Erle Robotics Python Networking Gitbook Free

Compression

While many documents delivered over HTTP are already fairly heavily compressed, including images and file formats like PDF , web pages themselves are written in verbose SGML dialects that can consume much less bandwidth if subjected to generic textual compression. Similarly, CSS and JavaScript files also contain very stereotyped patterns of punctuation and repeated variable names, which is very amenable to compression.
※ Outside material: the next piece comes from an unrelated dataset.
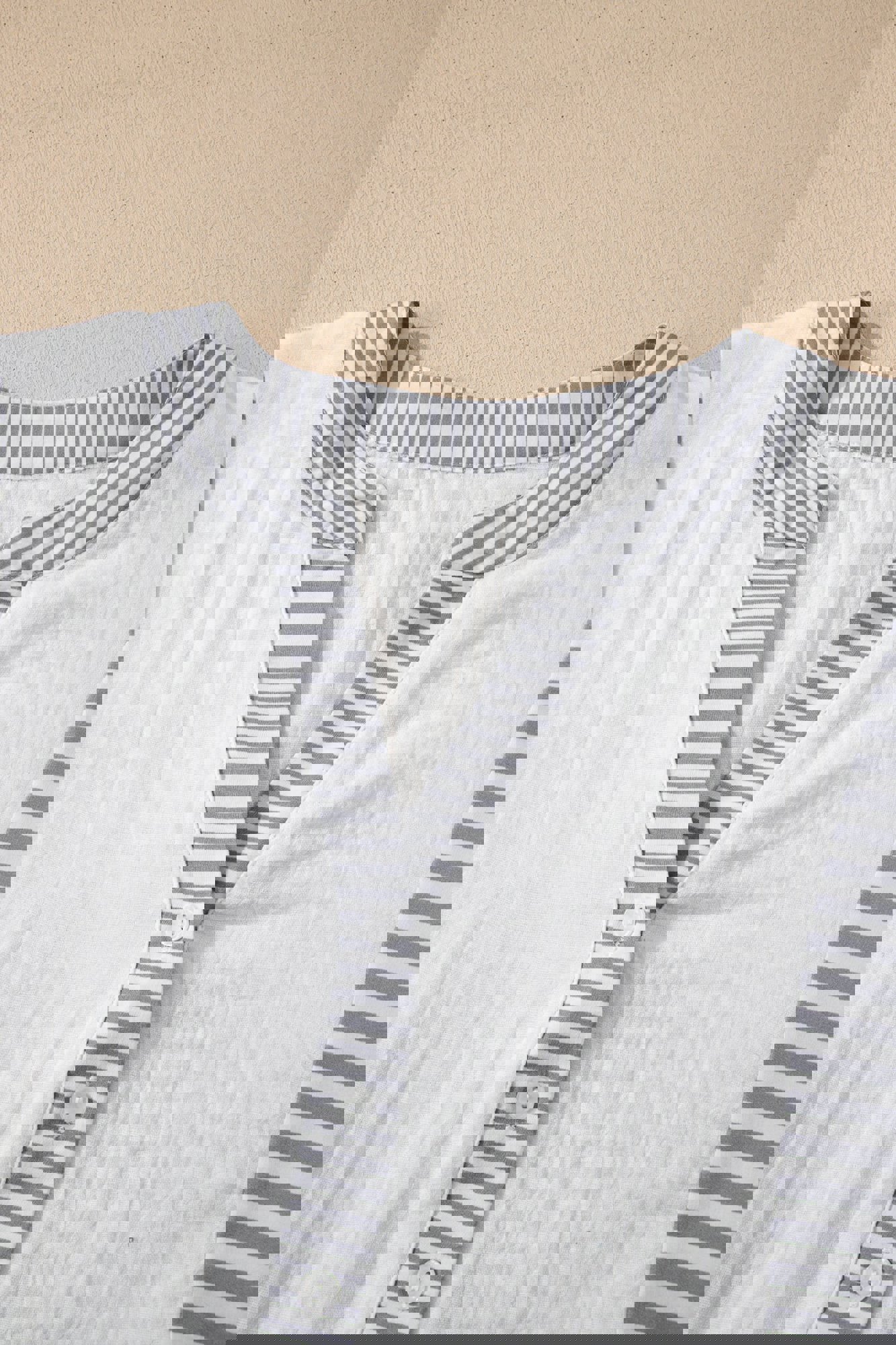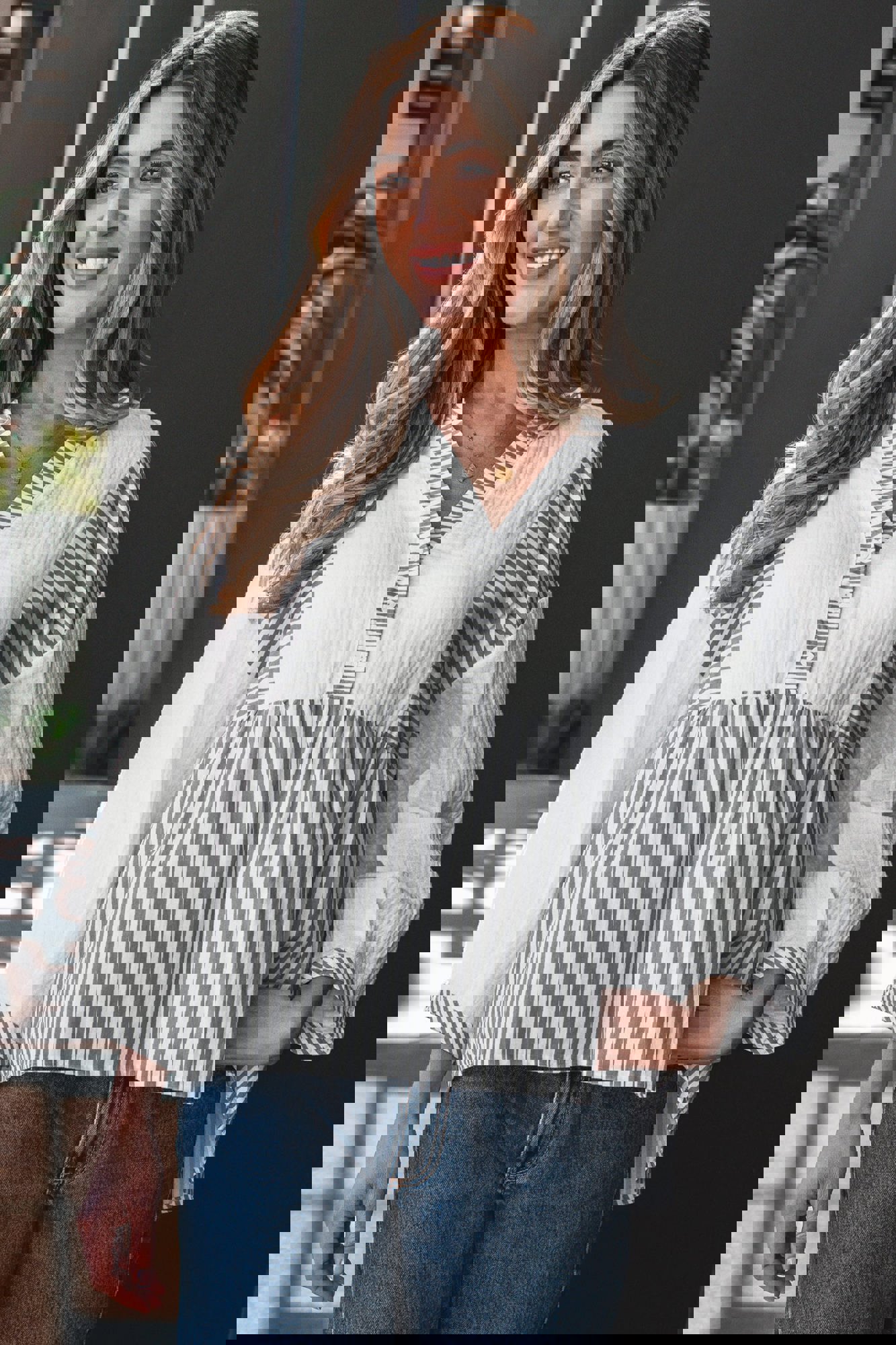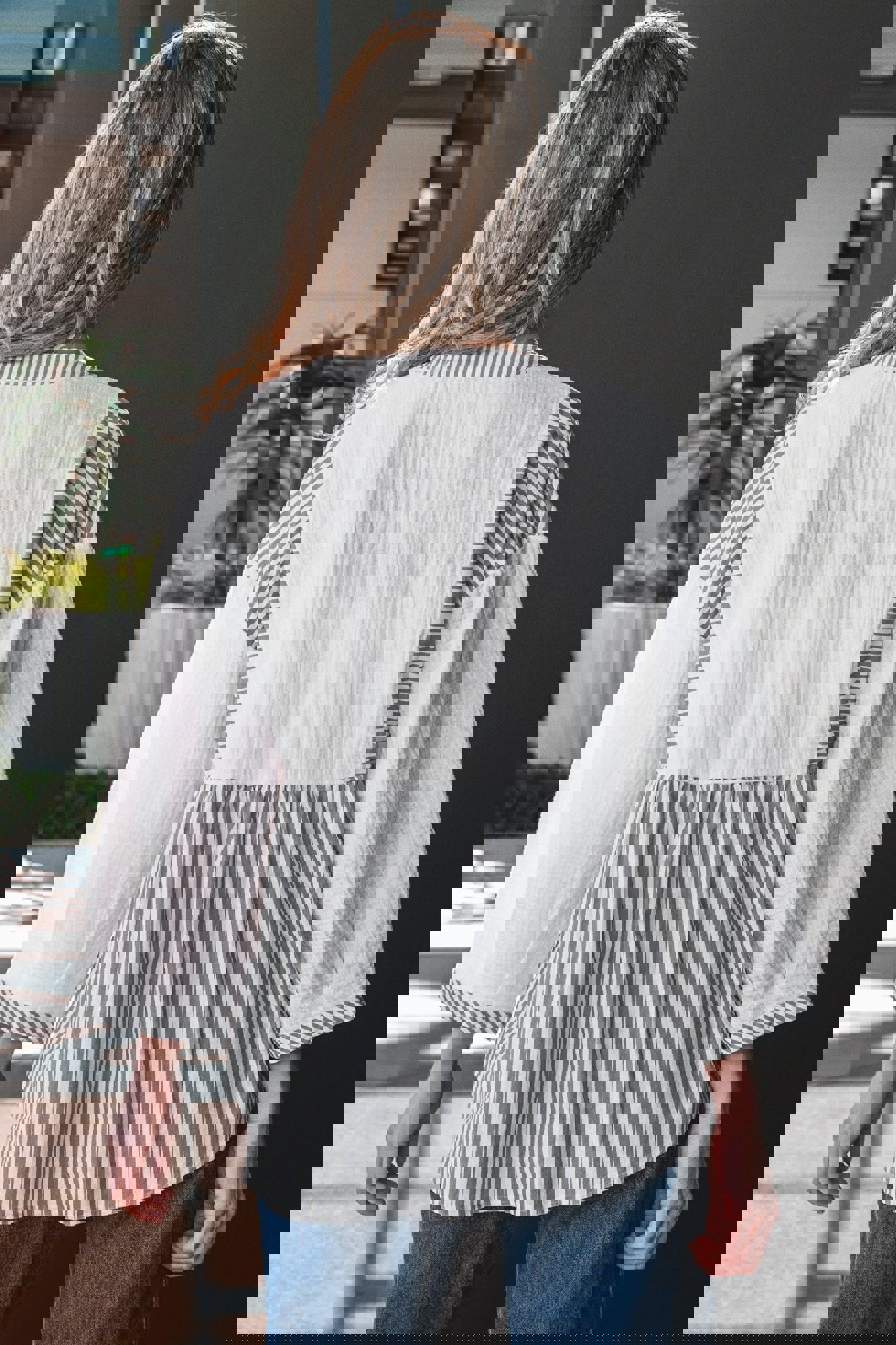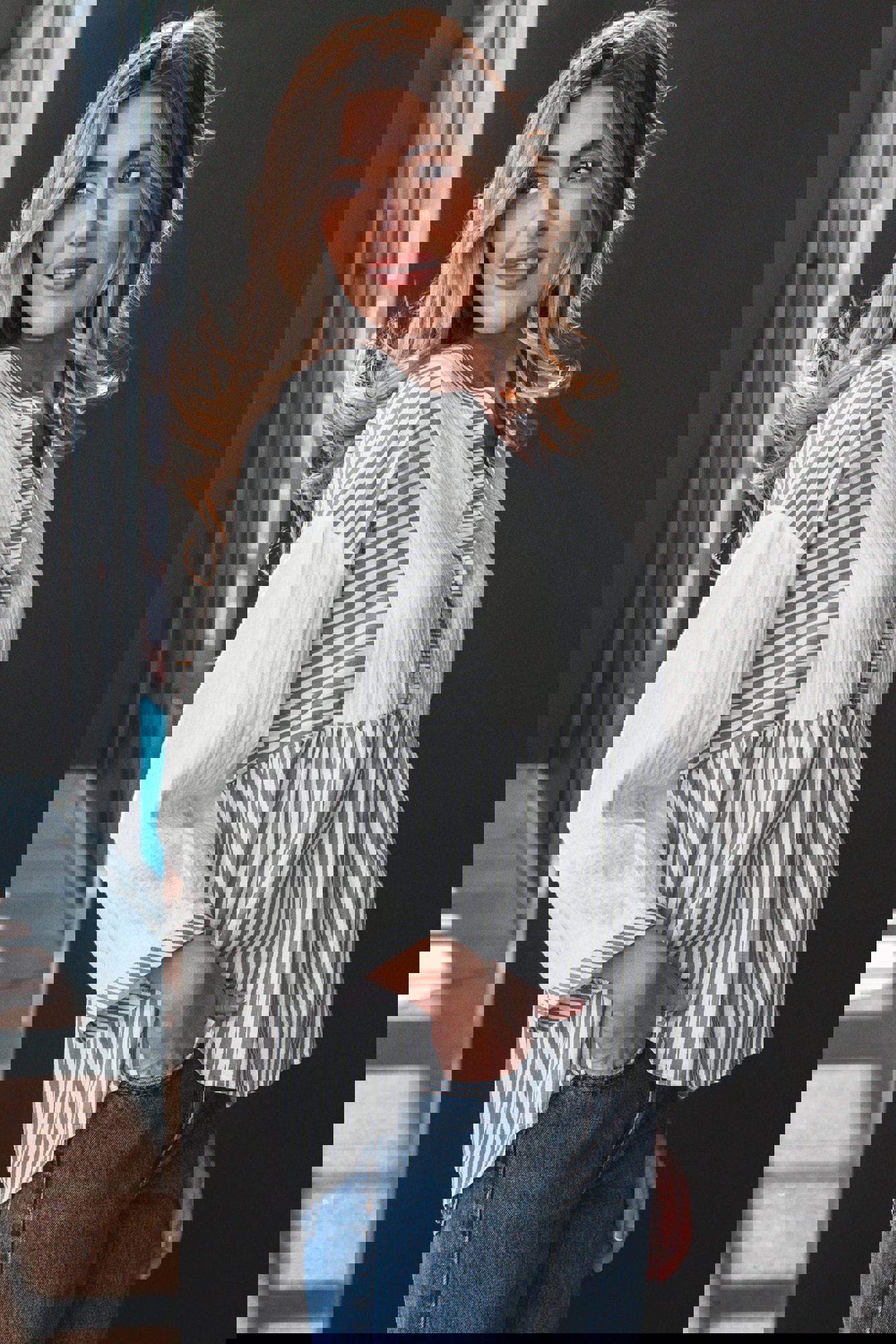 Elevate your everyday style with this charming striped blouse that brings personality to any outfit. The 3/4 sleeves and split neckline with button accents create a modern, effortless look that pairs beautifully with your go-to bottoms. Whether you're dressing up or keeping it casual, this versatile piece adds just the right amount of flair to your closet. 100% Cotton

Web clients can make servers aware that they accept compressed documents by listing the formats they support in a request header, as in this example: `Accept-Encoding: gzip``

For some reason, many sites seem to not offer compression unless the User-Agent: header specifies something they recognize. Thus, to convince Google to compress its Google News page, you have to use urllib2 something like this:

>>> request = urllib2.Request('http://news.google.com/')
>>> request.add_header('Accept-Encoding', 'gzip')
>>> request.add_header('User-Agent', 'Mozilla/5.0')
>>> info = opener.open(request)
--------------------------------------------------
GET / HTTP/1.1
Host: news.google.com
User-Agent: Mozilla/5.0
Connection: close
Accept-Encoding: gzip
-------------------- Response --------------------
HTTP/1.1 200 OK
Content-Type: text/html; charset=UTF-8
...
Content-Encoding: gzip
...

Remember that web servers do not have to perform compression, and that many will ignore your Accept-Encoding: header. Therefore, you should always check the content encoding of the response, and perform decompression only when the server declares that it is necessary:

>>> info.headers['Content-Encoding'] == 'gzip'
True
>>> import gzip, StringIO
>>> gzip.GzipFile(fileobj=StringIO.StringIO(info.read())).read()
'<!DOCTYPE HTML ...<html>...</html>'

As you can see, Python does not let us pass the file-like info response object directly to the GzipFile class because, it is not quite file-like enough. Here, we can perform the quick work-around of reading the whole compressed file into memory and then wrapping it in a StringIO object that does support `tell().